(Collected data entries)
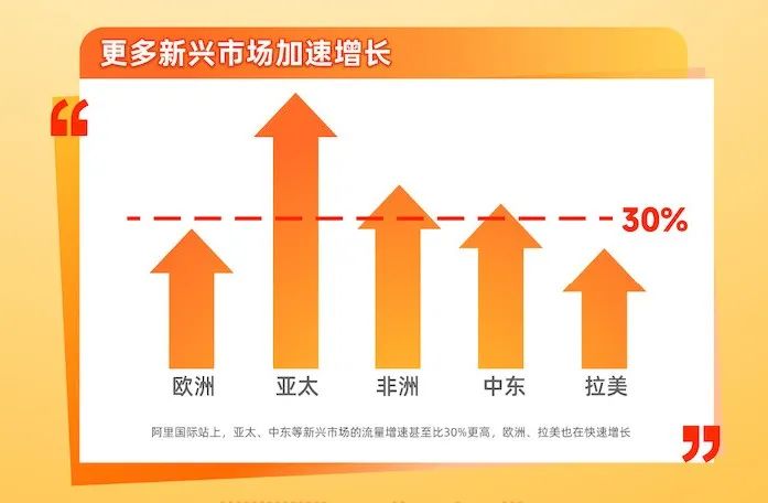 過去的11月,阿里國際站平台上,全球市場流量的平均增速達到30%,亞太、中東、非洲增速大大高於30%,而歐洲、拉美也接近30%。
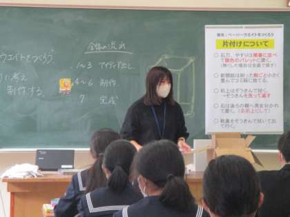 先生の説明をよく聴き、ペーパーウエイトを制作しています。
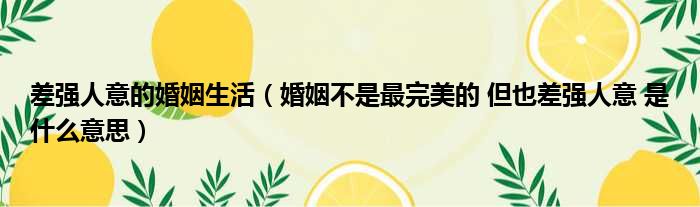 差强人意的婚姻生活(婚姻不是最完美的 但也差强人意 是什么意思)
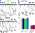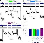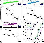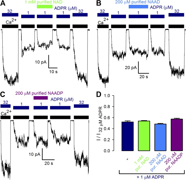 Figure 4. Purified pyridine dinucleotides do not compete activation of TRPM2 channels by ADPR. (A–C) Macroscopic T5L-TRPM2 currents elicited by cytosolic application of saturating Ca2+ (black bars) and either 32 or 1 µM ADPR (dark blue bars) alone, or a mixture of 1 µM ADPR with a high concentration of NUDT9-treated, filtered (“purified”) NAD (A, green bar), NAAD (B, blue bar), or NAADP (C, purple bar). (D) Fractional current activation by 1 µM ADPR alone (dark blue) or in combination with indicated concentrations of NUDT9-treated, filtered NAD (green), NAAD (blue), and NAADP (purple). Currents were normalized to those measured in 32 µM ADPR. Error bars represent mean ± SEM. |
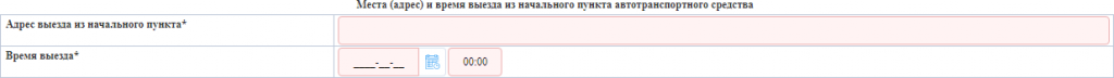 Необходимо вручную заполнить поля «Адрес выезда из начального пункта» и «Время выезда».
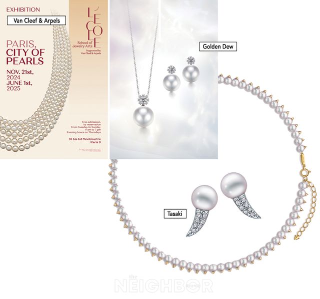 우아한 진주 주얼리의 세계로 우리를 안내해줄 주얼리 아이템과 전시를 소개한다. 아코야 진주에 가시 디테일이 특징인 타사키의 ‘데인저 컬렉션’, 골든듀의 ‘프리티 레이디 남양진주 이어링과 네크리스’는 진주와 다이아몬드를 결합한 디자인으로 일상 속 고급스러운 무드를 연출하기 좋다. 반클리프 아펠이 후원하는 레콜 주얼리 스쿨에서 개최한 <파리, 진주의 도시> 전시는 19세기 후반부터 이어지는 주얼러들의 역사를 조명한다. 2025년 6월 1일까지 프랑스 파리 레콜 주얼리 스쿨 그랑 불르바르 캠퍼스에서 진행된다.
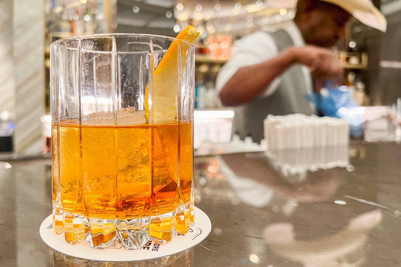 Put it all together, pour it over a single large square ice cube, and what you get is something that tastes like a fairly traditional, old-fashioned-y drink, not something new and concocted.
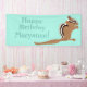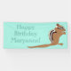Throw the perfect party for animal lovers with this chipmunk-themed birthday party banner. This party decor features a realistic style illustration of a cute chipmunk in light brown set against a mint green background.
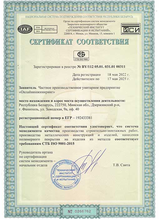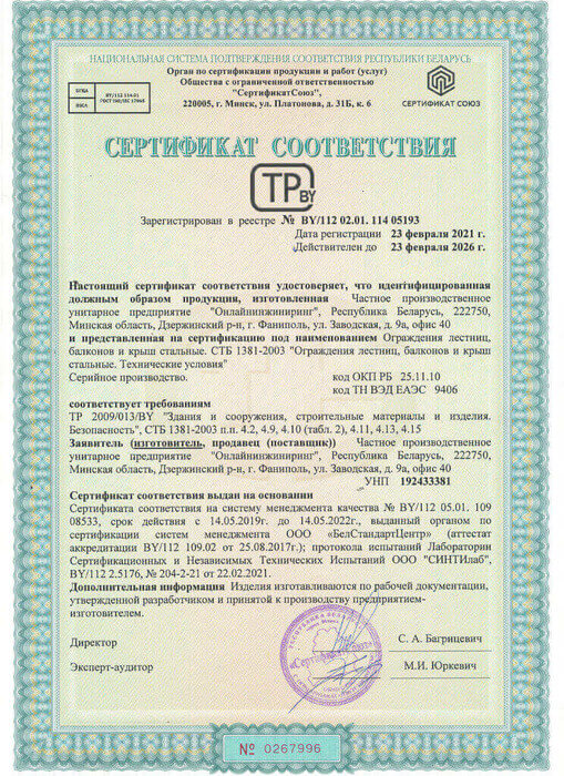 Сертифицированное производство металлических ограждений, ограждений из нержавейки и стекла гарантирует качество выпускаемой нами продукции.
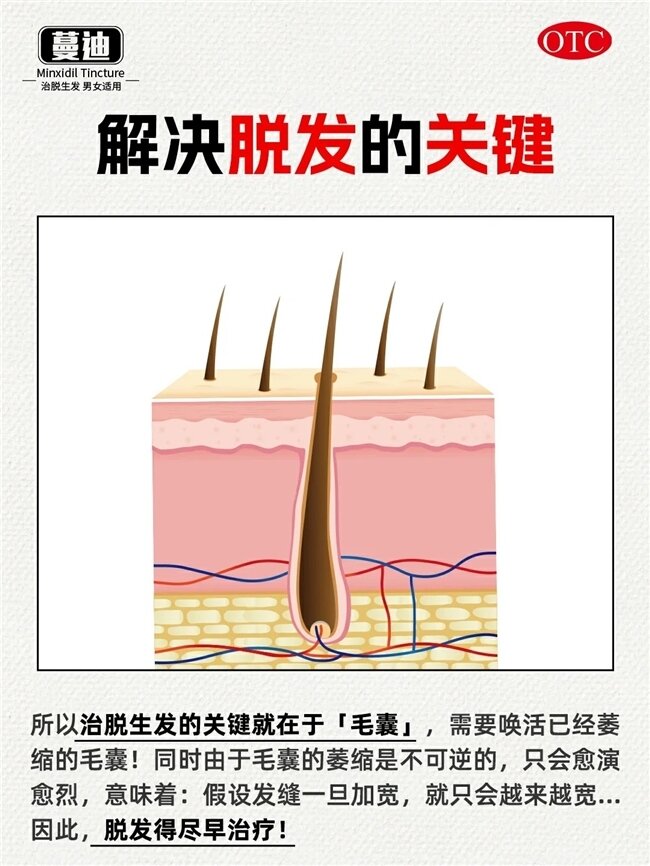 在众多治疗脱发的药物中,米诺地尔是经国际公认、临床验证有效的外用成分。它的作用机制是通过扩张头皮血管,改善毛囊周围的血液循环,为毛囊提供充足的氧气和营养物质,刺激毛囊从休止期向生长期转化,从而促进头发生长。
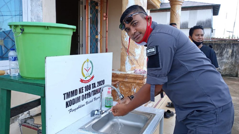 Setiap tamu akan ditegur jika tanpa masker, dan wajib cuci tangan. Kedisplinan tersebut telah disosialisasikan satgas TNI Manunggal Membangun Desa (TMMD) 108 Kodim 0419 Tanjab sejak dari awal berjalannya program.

WHAT THE EXERCISE ASKS
Give back exactly, and solely, the section of the data above bounded by the line containing "우아한 진주 주얼리의" and the line containing "Throw the perfect", both bounding lines included and pictures omitted.

WRITTEN ANSWER
 우아한 진주 주얼리의 세계로 우리를 안내해줄 주얼리 아이템과 전시를 소개한다. 아코야 진주에 가시 디테일이 특징인 타사키의 ‘데인저 컬렉션’, 골든듀의 ‘프리티 레이디 남양진주 이어링과 네크리스’는 진주와 다이아몬드를 결합한 디자인으로 일상 속 고급스러운 무드를 연출하기 좋다. 반클리프 아펠이 후원하는 레콜 주얼리 스쿨에서 개최한 <파리, 진주의 도시> 전시는 19세기 후반부터 이어지는 주얼러들의 역사를 조명한다. 2025년 6월 1일까지 프랑스 파리 레콜 주얼리 스쿨 그랑 불르바르 캠퍼스에서 진행된다.
 Put it all together, pour it over a single large square ice cube, and what you get is something that tastes like a fairly traditional, old-fashioned-y drink, not something new and concocted.
Throw the perfect party for animal lovers with this chipmunk-themed birthday party banner. This party decor features a realistic style illustration of a cute chipmunk in light brown set against a mint green background.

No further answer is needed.